Wells Audio Innamorata Signature Amplifier
Configured in a passive vertically bi-amp'ed system.
Finding gold at the end of the rainbow.
Review By Wayne


Wells Audio Innamorata Signature Amplifier

  I reviewed the Innamorata amplifier back in May 2013, and awarded it a 2013 Blue Note Award. In January 2014 I followed up that initial review with an account of the additional benefits of vertically bi-amp'ing two Innamoratas. That second review discusses the technical issues involved in setting up this configuration. Had originally expected at least a 10% overall sonic improvement from bi-amp'ing the Wells Audio Innamorata Signature amplifier within this review. But actually the improvements I heard from the bi-amp'ed system were hard to quantify; mainly because they went far beyond my expectations. Doubling the power certainly improved dynamics and enabled playing at higher volume without strain. But that was only the beginning. Dynamic gradations became much more apparent. Imaging was even more three-dimensional, instrumental and vocal locations within the soundscape more "locked in place" with the Wells Audio Innamorata Signature amplifiers. Inner voices within the orchestra emerged more clearly. I felt as if I had gotten closer to the core of the music.

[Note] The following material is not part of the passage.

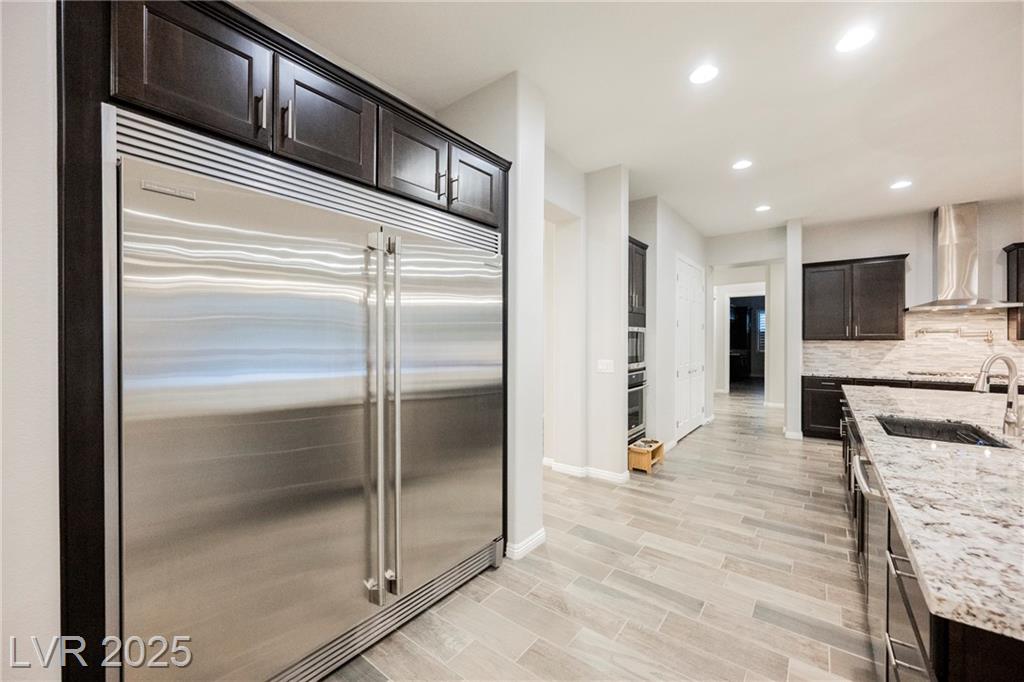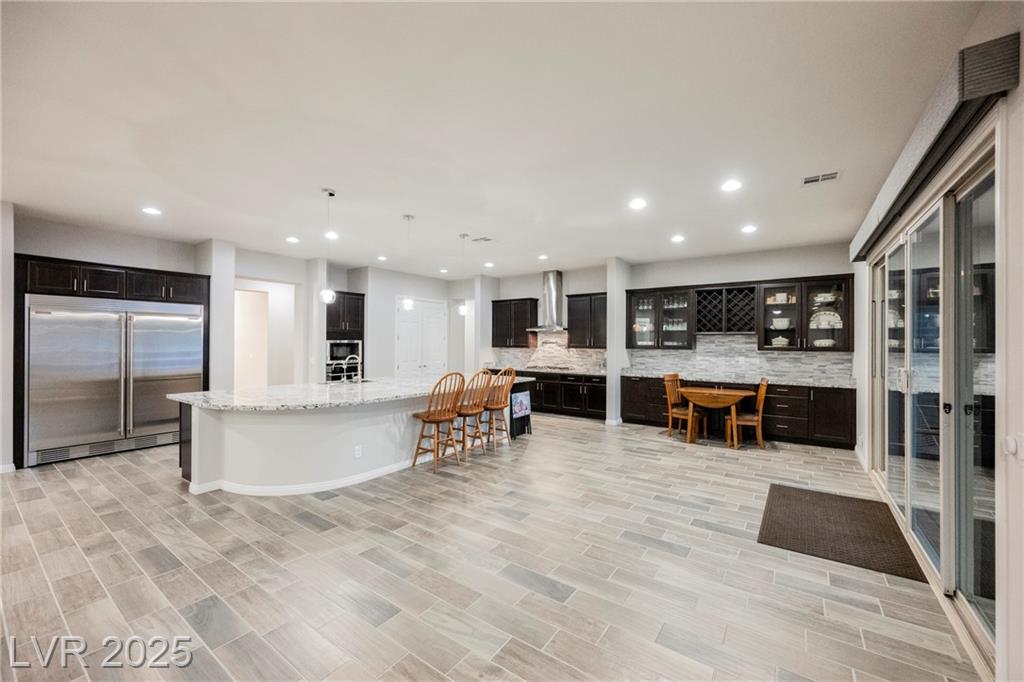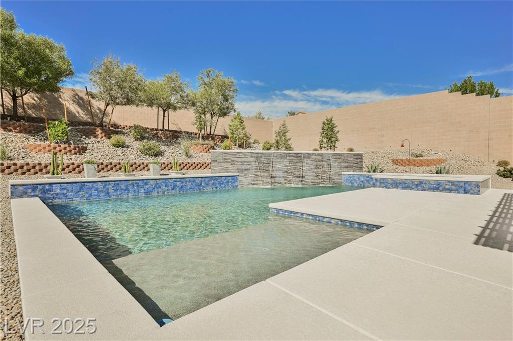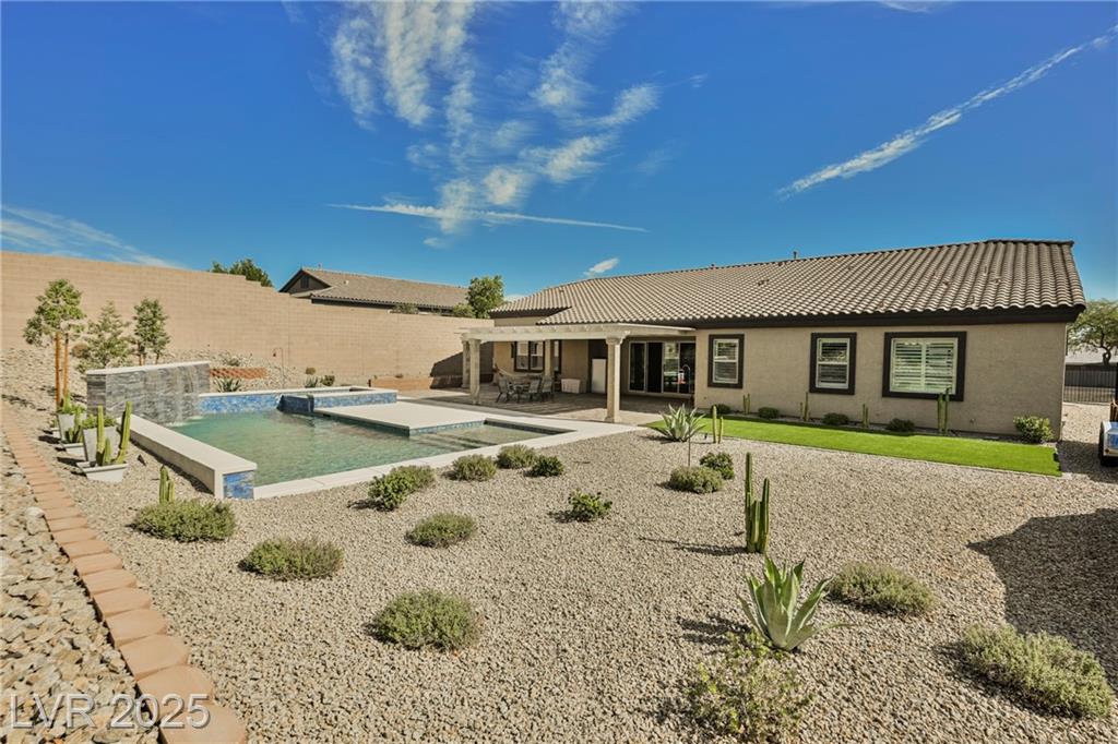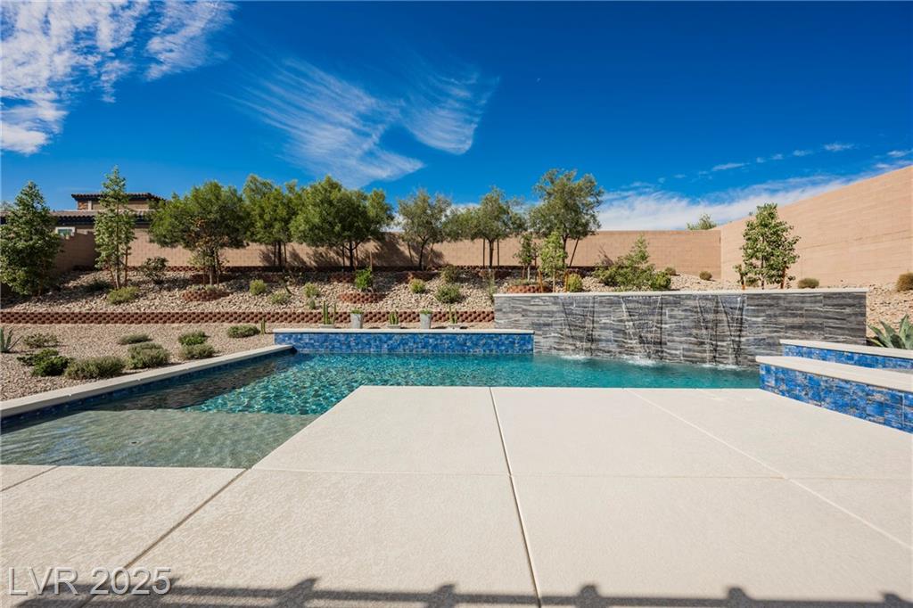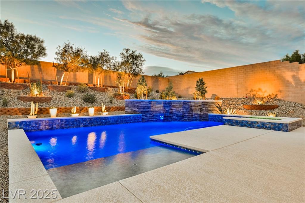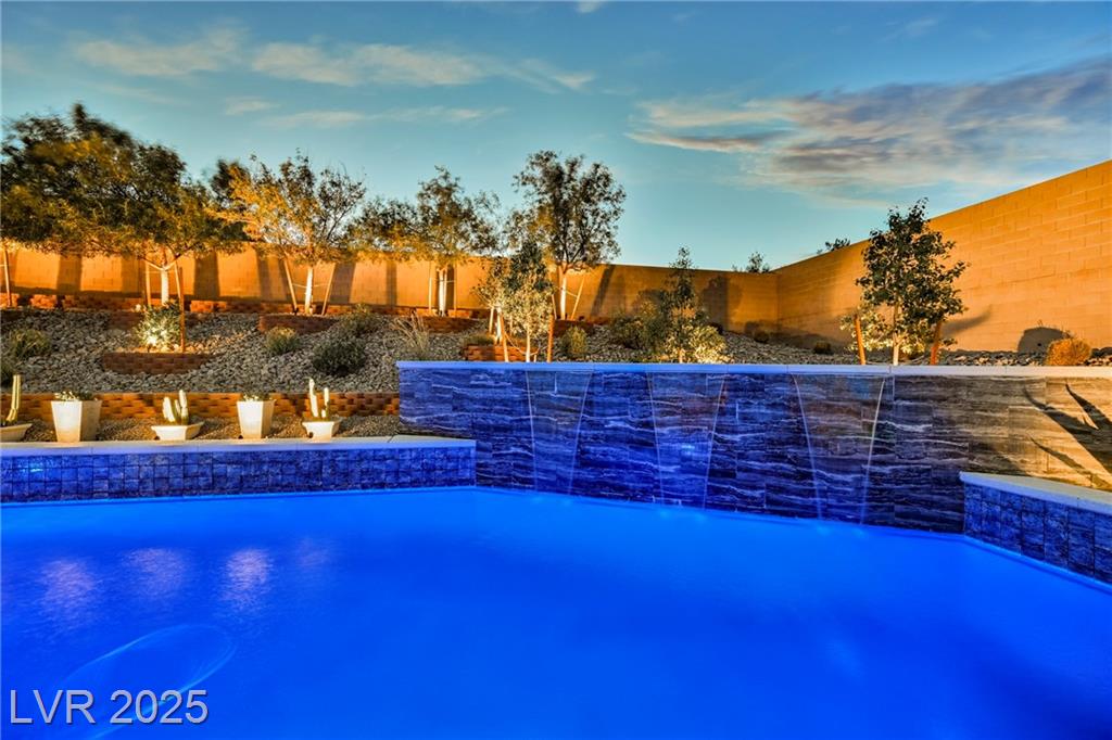 Luxurious single-story home on nearly ½ acre with no HOA, RV parking, and ultimate privacy! This 4-bed, 4-bath beauty offers refined living with crystal chandeliers, wood shutters, recessed lighting, soft-close cabinetry, and elegant granite and tile flooring throughout. The chef’s kitchen is a true centerpiece, showcasing a grand 16x6 island, premium stainless steel appliances, a 64” built-in fridge/freezer, and abundant storage. All bedrooms feature walk-in closets and luxurious bathrooms with glass-enclosed showers. The expansive primary suite offers direct access to a covered patio—perfect for relaxing mornings or peaceful evenings. Recent upgrades include a new water softener, reverse osmosis system, front security screen door, and sliding screen doors on all patio doors. Huge backyard is a private oasis with artificial turf, professionally designed desert landscaping, waist-high brick decorative wall, and a resort-style pool with 3 waterfalls, spa & a tall block wall for privacy.

At that point I believed my system's amplification was set for the foreseeable future. In early 2014 when Jeff Wells told me he was developing a Signature version, which would necessarily be considerably more expensive, I didn't think it could sound better enough to justify the additional cost. But then Jeff shipped an early Signature amp to Chicago, arranging for me to have it for four days. He flew in to present the Signature to prospective dealers and retail customers, and he set it up so I could compare the Signature to my bi-amp'ed original Innamoratas. After a couple of long evenings listening to both setups, I decided to have my Innamoratas shipped back one at a time, so I keep a functioning system to be upgraded to Signatures.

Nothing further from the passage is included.